Владимир Набоков, «Камера обскура». 

История трагической любви богатого искусствоведа к юной, но уже опытной девице. Трагизм любви как правило подразумевает неразделенность чувств, и в «Камере» она присутствует в полной мере.

Но кабы всё в такой любви всегда ограничивалось безответностью, то трагизм её был бы портативным, а писать, собственно, оказалось бы не о чем. Старик Сирин это, естественно, понимал. Поэтому роман его не столько о самой болезни, сколько об осложнениях. И уж на них-то автор красок не пожалел.

Перечитывая книгу, в голове моей с насиженного места вдруг слетел один стереотип. (Да-да, как шляпа, подъезжая к станции.) Мелькнула мысль: а по праву ли Стивен Кинг со своим клоуном из романа «Оно» считается королём ужасов? Нет, безусловно, клоуны, губящие детей, это страшно. Мастер Кинг знает, что самым липким страхом мажут не упыри и зомби, а то, что до поры рядится в личину доброжелательного. Но другой мастер знает это не хуже. И как по мне, Владимир Владимирович переплёвывает Кинга. Что клоун? Да, он весел и ярок, но при том из другого, сценического, а значит малость чужеродного мира, от которого, говоря строго, можно ждать что угодно. Другое дело нечто обыденное, привычное, того хуже – любимое. Как старые добрые тапки возле кровати, в которые среди ночи суёшь ступни, а вернувшись из туалета не можешь снять, так как они вросли тебе в ноги копытами – мерзкими, лошадиными.

Ужас романа «Камера обскура» нарастает по мере того, как за банальными с виду вершинами любовного треугольника – рогоносец и два прелюбодея – всё яснее проступает паноптикум из трёх уродов, довольно обычных внешне, но жестоко обезображенных Богом внутри. Интересно заметить, что уродство каждого из них в основе своей психологично, а это значит, что также весьма затрапезно. Таким оно и осталось бы, кабы коллекционер бабочек не налёг на гиперболу. Мерзость пришла вместе с размерами.

Лояльней всего Набоков обошелся с женским персонажем: уродство Магды поначалу почти и не уродство, с учетом её социального бэкграунда. Что можно ожидать от девушки, чьё детство прошло в нищете, затрещинах и компании быдловатого старшего брата, не упускавшего случая её отлапать? Всего что угодно, но только не целомудренности. Без особых размышлений Магда позволяет сводне продать себя демоническому персонажу по имени Горн и походу в него влюбляется.

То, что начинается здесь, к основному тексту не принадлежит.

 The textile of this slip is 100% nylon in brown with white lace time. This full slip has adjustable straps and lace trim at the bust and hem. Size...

В качестве литературоведческого отступления – меня всегда интересовало что такого может быть в этих «первых мужчинах», что столь многие писатели заставляют своих героинек влюбляться в них с разбегу и на всю жизнь. Ведь с физиологической точки зрения это нонсенс: первое знакомство с йухом не только не доставляет девонькам удовольствия, но и зачастую болезненно.   

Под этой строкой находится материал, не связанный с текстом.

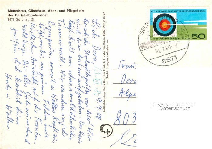 72664645 alte Postkarte Selbitz Oberfranken Fliegeraufnahme Mutterhaus Gaestehaus der Christusbruderschaft postalisch gelaufen Erhaltung siehe scans [AndreD76] KatCode: 11110009475171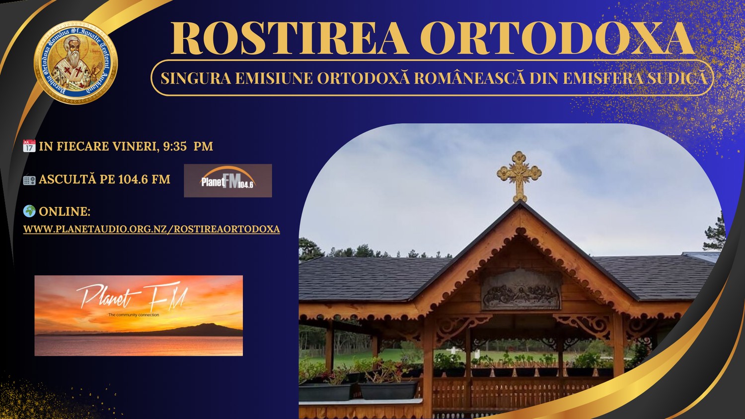 Each week Rostirea Ortodoxa builds cultural bridges for Romanians in N.Z. under the auspices of the Romanian Orthodox Church. The programme celebrates Romanian national events, talks with local Romanian personalities and presents stories for children, music, poems, community and church news, religious services, secular and sacred music.

Покушав какое-то время молодятинки, Горн насыщается и испаряется. Магда горюет и одновременно ходит по рукам. Довольно скоро, впрочем, она понимает, что стреляет из пушки по воробьям, зарабатывая копейки, в то время как возможности её юного сексапила открывают ей путь в счастливое будущее, достаточно подцепить и грамотно охмурить богатого бюргера. На выполнении этой задачи девушка и сосредотачивается.

Ничего особенного, согласитесь. Такое встретишь всегда и везде, не только в Берлине 1920-х. Вполне обычное поведение нищей, не страдающей моралью сучки, у которой есть что продать. На уродство явно не тянет. Проявляется оно чуть позже, в поистине скотском отношении к человеку, который её любит больше жизни. (Спойлерить не буду – читайте, если ещё не.) Но даже с учетом этого, Набоков отнёсся к Магде достаточно мягко, не пригвоздив её словом так, как мог бы. А почему? Джентльмен или всё ж таки педофил? (Героине романа не то пятнадцать, не то шестнадцать, упоминаются обе цифры.) Памятуя поговорку «один раз – не пидарас» и принимая во внимание, что разов как минимум два (не забываем «Лолиту»), приходится признать, что… да Бог с ним. Я прощаю великим их перверсии. Как, например, прощаю Фредди Меркури его гейство.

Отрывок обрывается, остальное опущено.